Members of the press are invited to an exclusive press preview on May 10 at 5 – 6 p.m., prior to the opening reception, providing an opportunity to engage with Holley’s artworks, interview the artist and curator, and gain unique insights into the creative process and inspirations behind the exhibition.
For more information about the exhibition, including admission details, opening hours, and additional programming, please visit the MOCA North Miami website at www.mocanomi.org.
“Lonnie Holley: If You Really Knew” is made possible with support from Blum & Poe, and is funded in part by a grant from South Arts in partnership with the National Endowment for the Arts and the State of Florida, Department of State, Division of Arts and Culture. We are also grateful to The N’Namdi Family. Special thanks to guest curator Alison M. Gingeras, for her contributions conceiving this exhibition.
About Lonnie Holley
Lonnie Holley was born on February 10, 1950 in Birmingham, Alabama. Holley has devoted his life to the practice of improvisational creativity. His art and music, born out of struggle, hardship, but perhaps more importantly, out of furious curiosity and biological necessity, has manifested itself in drawing, painting, sculpture, photography, performance, and sound.

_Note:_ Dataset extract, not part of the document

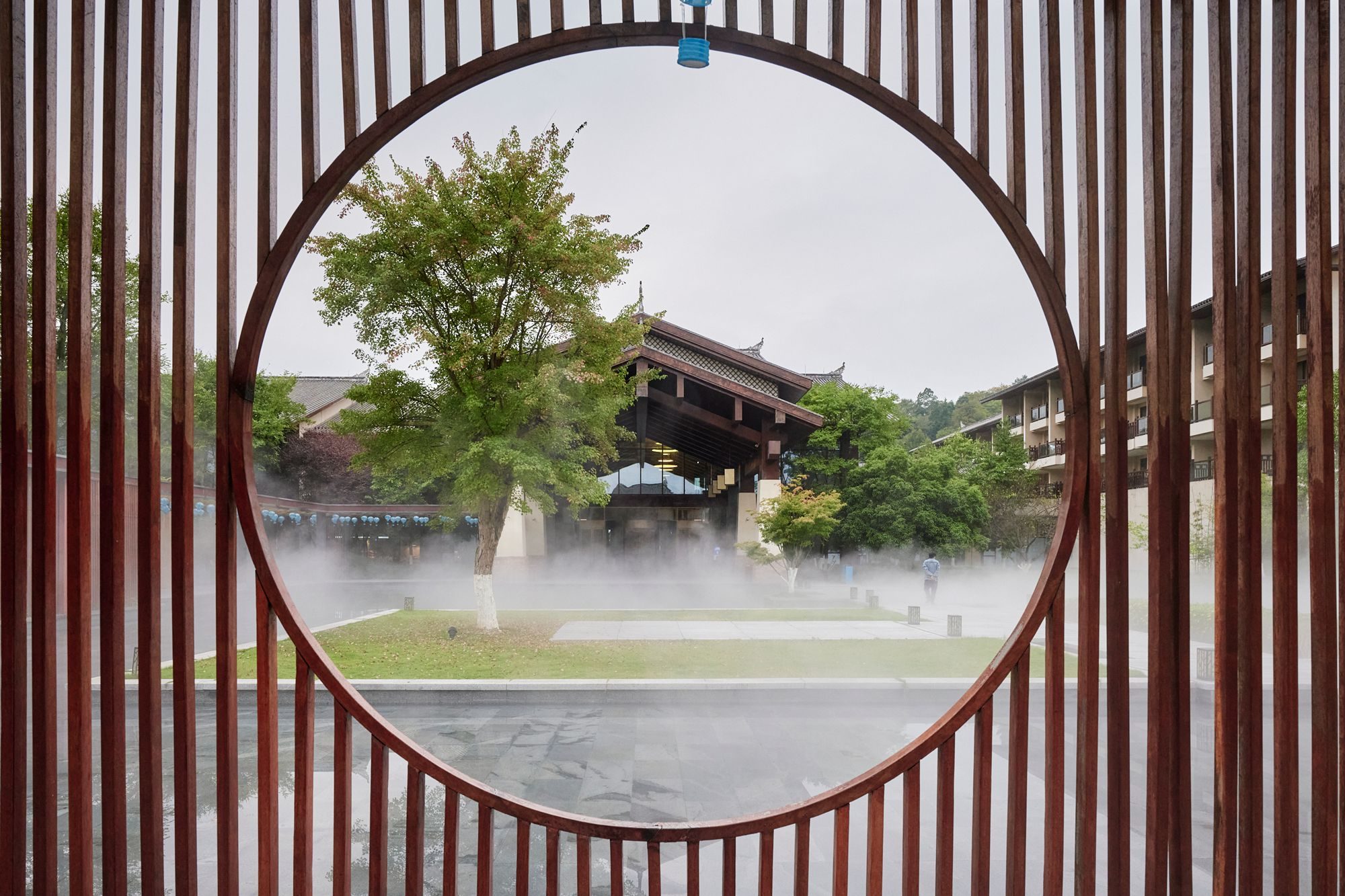 每一处造景都暗藏着设计者的巧思,木质圆窗框框出完美的中式风景画,画中云雾缭绕,亭台楼阁掩映着绿树,如在仙境,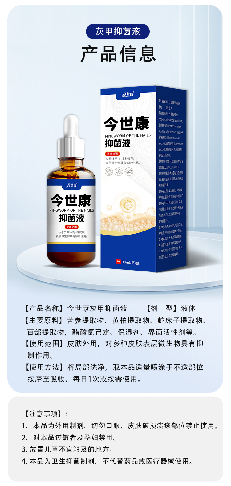 灰趾甲抑菌液,是今世康廠家專為灰趾甲研制,用于腳指甲灰趾甲、指甲萎縮、凹凸不平等指甲問題,給指甲多重呵護,遠離灰甲,抑菌液生產廠家,支持不同材質、規格、形狀、包裝設計,滿足多種渠道需求的抑菌液體加工一站式oem貼牌定制服務。

Holley’s work is in permanent museum collections throughout the country, on display in the United Nations, and been displayed in the White House Rose Garden. In January of 2014, Holley completed a one-month artist-in-residence with the Robert Rauschenberg Foundation in Captiva Island, Florida, site of the acclaimed artist’s studio.
About the Museum of Contemporary Art, North Miami (MOCA)
MOCA North Miami presents contemporary art and its historical influences through exhibitions, educational programs, and collections. Drawing inspiration from surrounding communities, MOCA connects diverse audiences and cultures by offering a welcoming space to discover new ideas and voices, fostering a lifelong appreciation for the arts. MOCA evolved from the Center of Contemporary Art, established in 1981, and moved into its current building designed by Charles Gwathmey of GSNY in 1996, coinciding with the establishment of its permanent collection.
Recently, MOCA refreshed its brand, updating its visual identity and incorporating “NoMi” in the name and logo to emphasize the museum’s enduring partnership with the community and distinguish itself among other MOCAs worldwide. The new brand aims to showcase MOCA’s unique offerings and enhance art, culture, and community experiences for local and international visitors.